### SUPPLIED DATA
━━━━━━

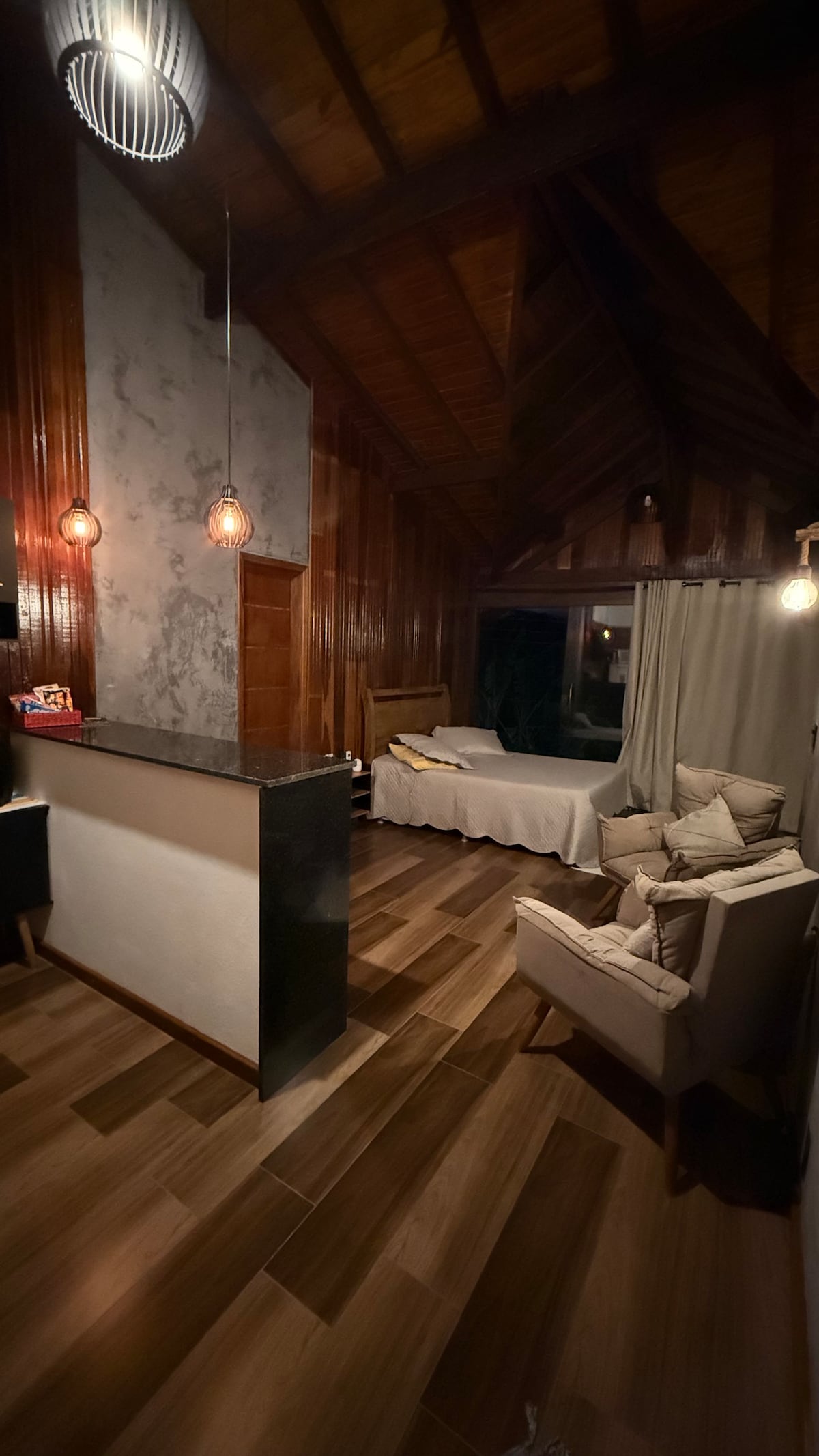 Discover the perfect balance between the rustic and the modern in our Chalé Requinte da Serra. Set in the heart of the city, this retreat offers a unique hosting experience, combining coziness, style and a spectacular view. Every detail was designed to provide comfort and a memorable stay. Enjoy serene mornings with a beautiful view and relax in a beautiful and welcoming atmosphere. Nossa Chalé is the ideal destination for those seeking comfort in a modern and | nstagrammableenvironment.
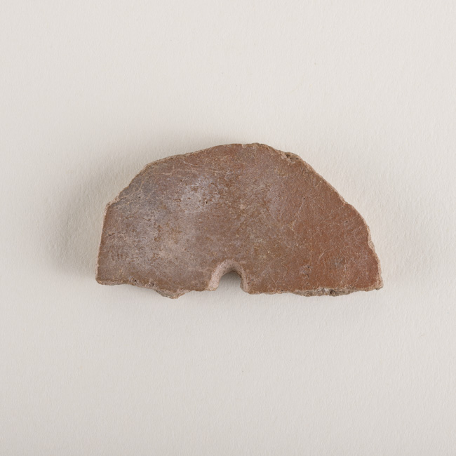 Instrumento cerámico con forma de disco y perforación central transversal usado en conjunto con el huso de hilar. Pieza corresponde a media porción de disco, superficie pulida en ambas caras.
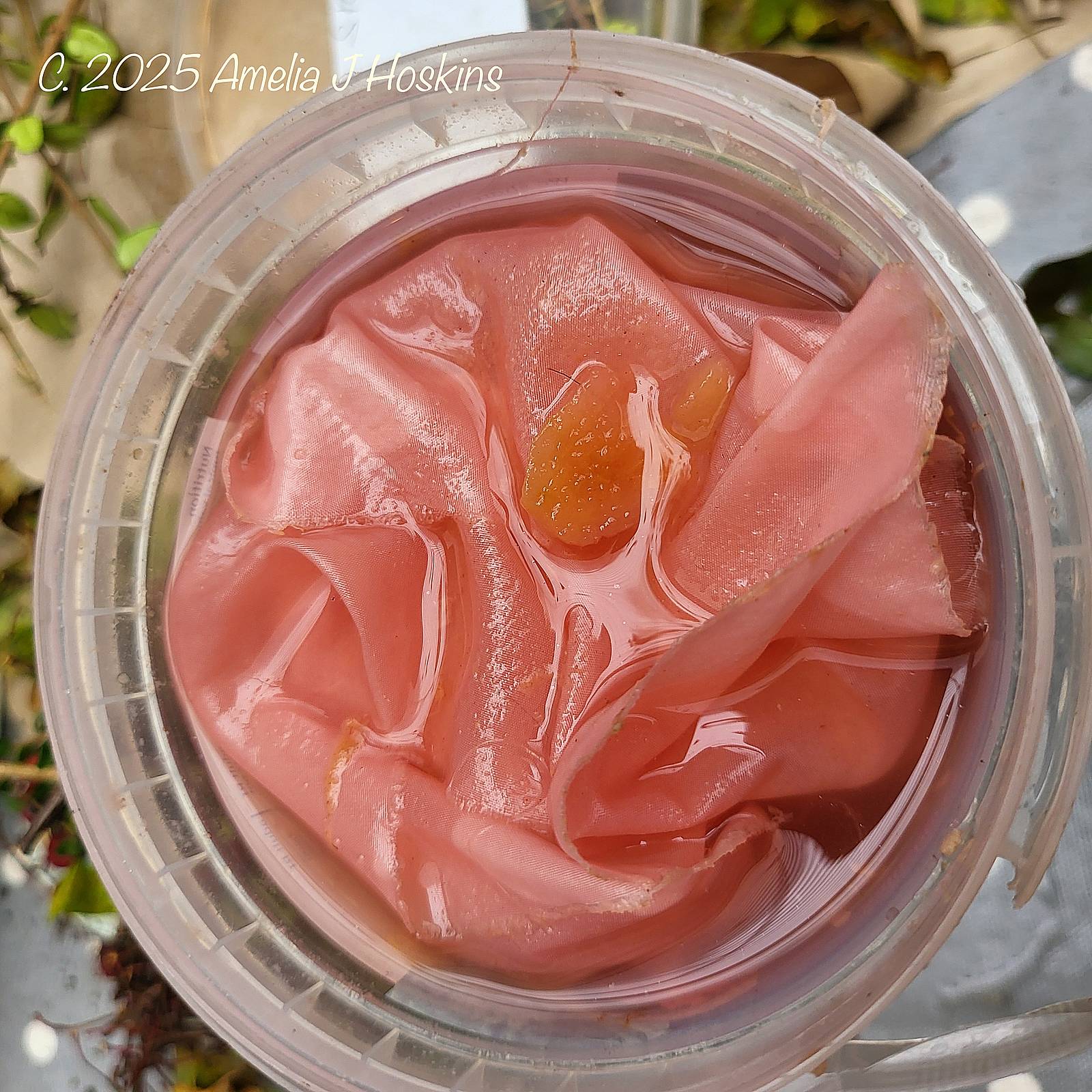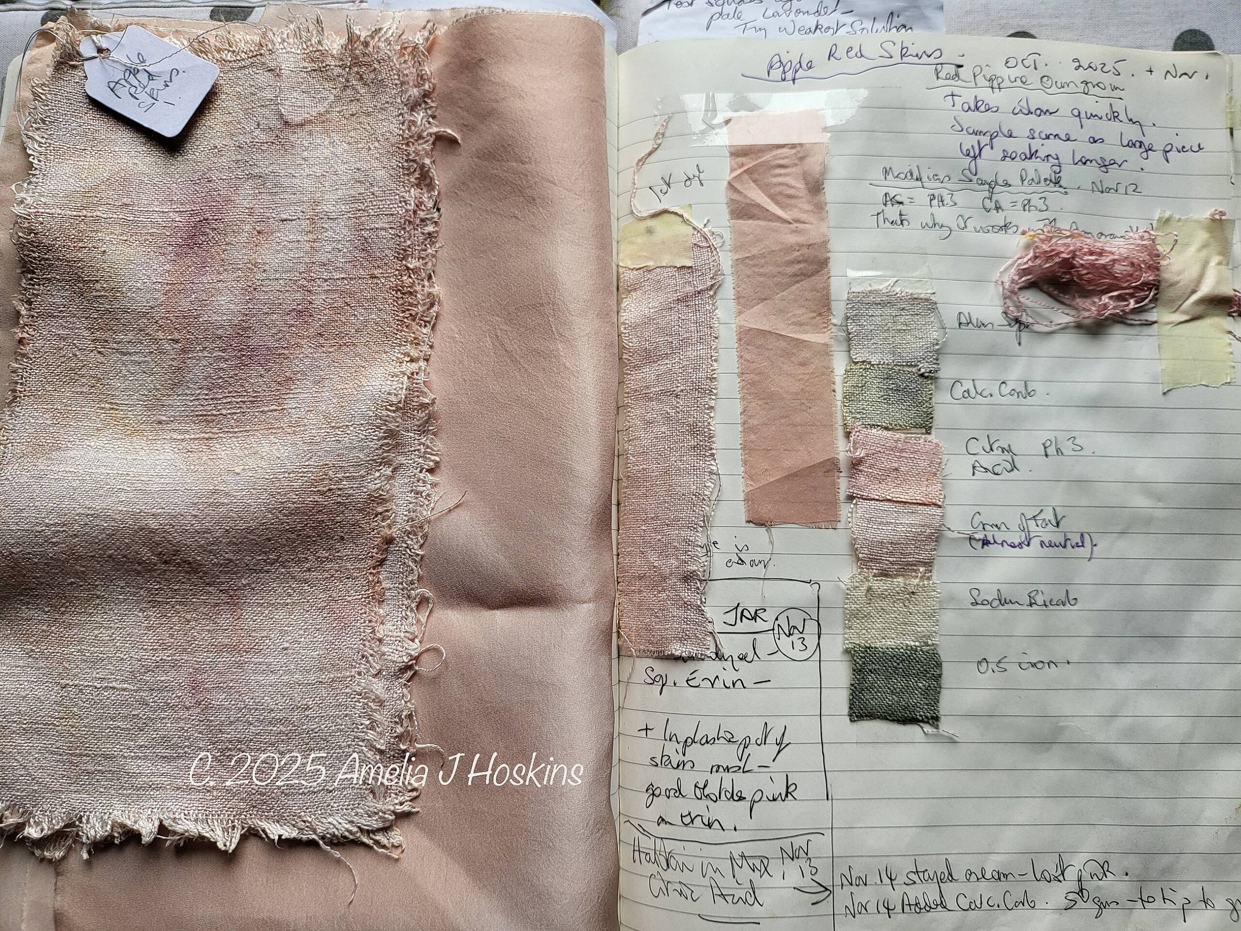I only found out this year that the red skins when soaked produce a pale pink.  The apple cider vinegar produced is also very helpful in gaining a pink with Amaranth dye  as it gives a Ph3.  A few Amaranth flowers are visible behind the apples.
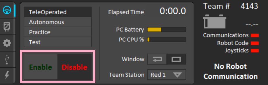 [ + ] + \- Enable the robotEnter- Disable the robotSpace- Emergency Stop- This will require the roboRIO to be rebooted to re-enable the robot

━━━━━━

### PROBLEM TO WORK ON
Copy the data character for character, but drop all pictures from the copy.

### WRITTEN SOLUTION
 Discover the perfect balance between the rustic and the modern in our Chalé Requinte da Serra. Set in the heart of the city, this retreat offers a unique hosting experience, combining coziness, style and a spectacular view. Every detail was designed to provide comfort and a memorable stay. Enjoy serene mornings with a beautiful view and relax in a beautiful and welcoming atmosphere. Nossa Chalé is the ideal destination for those seeking comfort in a modern and | nstagrammableenvironment.
 Instrumento cerámico con forma de disco y perforación central transversal usado en conjunto con el huso de hilar. Pieza corresponde a media porción de disco, superficie pulida en ambas caras.
I only found out this year that the red skins when soaked produce a pale pink.  The apple cider vinegar produced is also very helpful in gaining a pink with Amaranth dye  as it gives a Ph3.  A few Amaranth flowers are visible behind the apples.
 [ + ] + \- Enable the robotEnter- Disable the robotSpace- Emergency Stop- This will require the roboRIO to be rebooted to re-enable the robot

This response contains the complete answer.